Like all our holidays, modern Easter is a mishmash of secular and religious symbolism, Hallmarkized and dressed in a cheerful pastel dress.
So I was surprised to hear that the Glassport, Penn., Assembly of God managed to further confuse and upset Easter revelers this year.
According to the Associated Press, the church started its celebration early, holding a \performance"" in a city stadium Saturday. Their show culminated with several actors-I am not making this up-savagely whipping the Easter Bunny.
Correction: The actors didn't whip the Easter Bunny. They flogged their pastor, Patty Bickerton, who was dressed in a bunny costume. AP says the actors yelled ""there is no Easter Bunny,"" and smashed Easter eggs at a performance intended to demonstrate to adults and children ""how Jesus was crucified.""

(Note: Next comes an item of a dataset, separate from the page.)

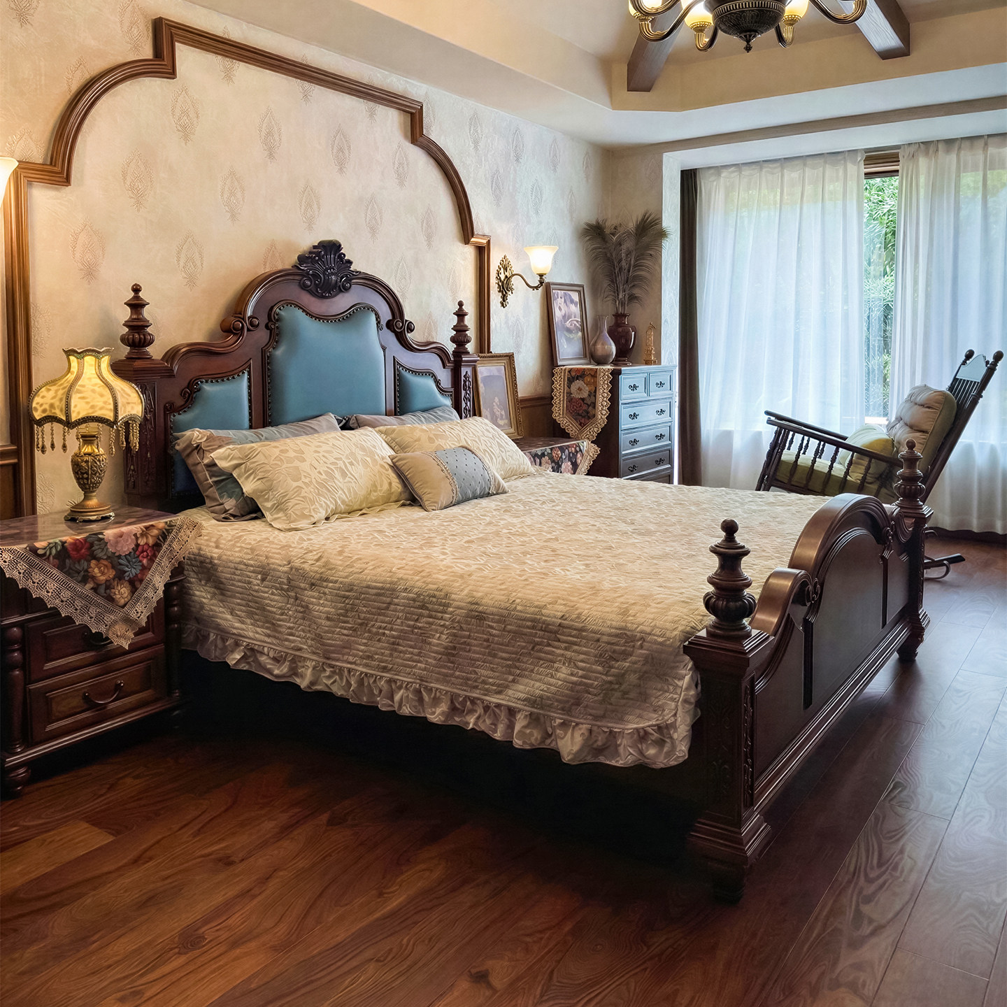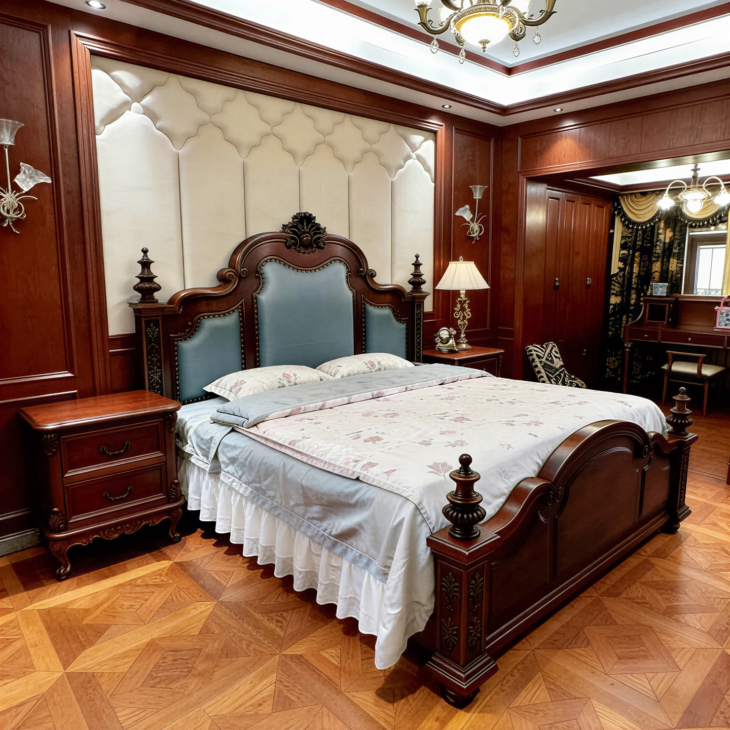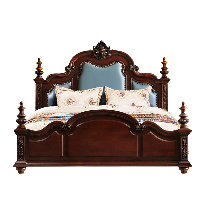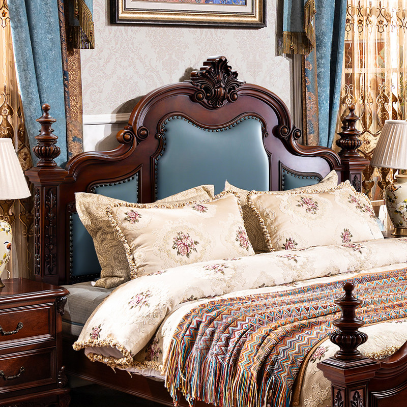 圣蒂伯爵美式 复古主卧室真皮软包双人床 别墅全实木雕花床法式

Melissa Salzman told AP her young son TJ reacted in pretty much the way you'd expect from a four-year-old subjected to a perverse display of violence and suffering.
""He was crying and asking me why the bunny was being whipped,"" she said.

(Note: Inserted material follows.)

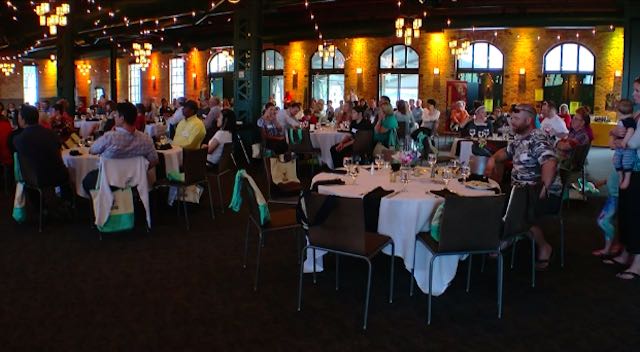 Instead of wedding guests, 175 charity volunteers were packed inside the Nicollet Island Pavilion in Minneapolis, Minnesota. Other people honored at the reception were families that the charity has helped in the past.

Pastor Bickerton answered the crowd's shock with all the deft understanding you might expect from someone who conceptualizes her faith through rabbit torture.

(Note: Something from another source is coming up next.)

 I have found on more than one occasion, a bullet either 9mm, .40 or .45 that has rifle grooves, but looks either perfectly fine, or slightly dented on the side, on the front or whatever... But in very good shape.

""We wanted to convey that Easter is not just about the Easter Bunny; it is about Jesus Christ,"" she told AP.
I'm not sure why some people think lessons about Jesus' love are incomplete without prolonged horsewhipping. Also, I'm not convinced that teaching children about Christ's resurrection demands the assault and humiliation of the Easter Bunny or the destruction of his eggs. Before Christmas every year, a lot of churches put up signs admonishing passersby to ""Keep the Christ in Christmas,"" but most of them stop short of setting Santa Claus on fire and pushing him into traffic.
Of course, Pennsylvanian Assemblies of God aren't the only places that mangle Easter into a disturbing semi-psychotic tableau.
1600 Pennsylvania Avenue plays host each year to an ""Easter Egg Roll."" On the day after Easter Sunday, government officials and cartoon mascots gather on the White House lawn to watch kids chase colored eggs around and cry hysterically.
Even crazier, by some accounts, the White House Easter Egg Roll started in 1878 after Congress banned children from rolling eggs at the Capitol and an army of angry kids stormed the gates of President Rutherford B. Hayes.
This year, the weirdness of the Egg Roll was matched only by President Bush's word choice in his Easter Message.
As if he was copying Hayes' message 126 years ago, Bush called for ""peace in the affairs of men.""
He were mysterious about his wishes for the affairs of women-or bunnies for that matter.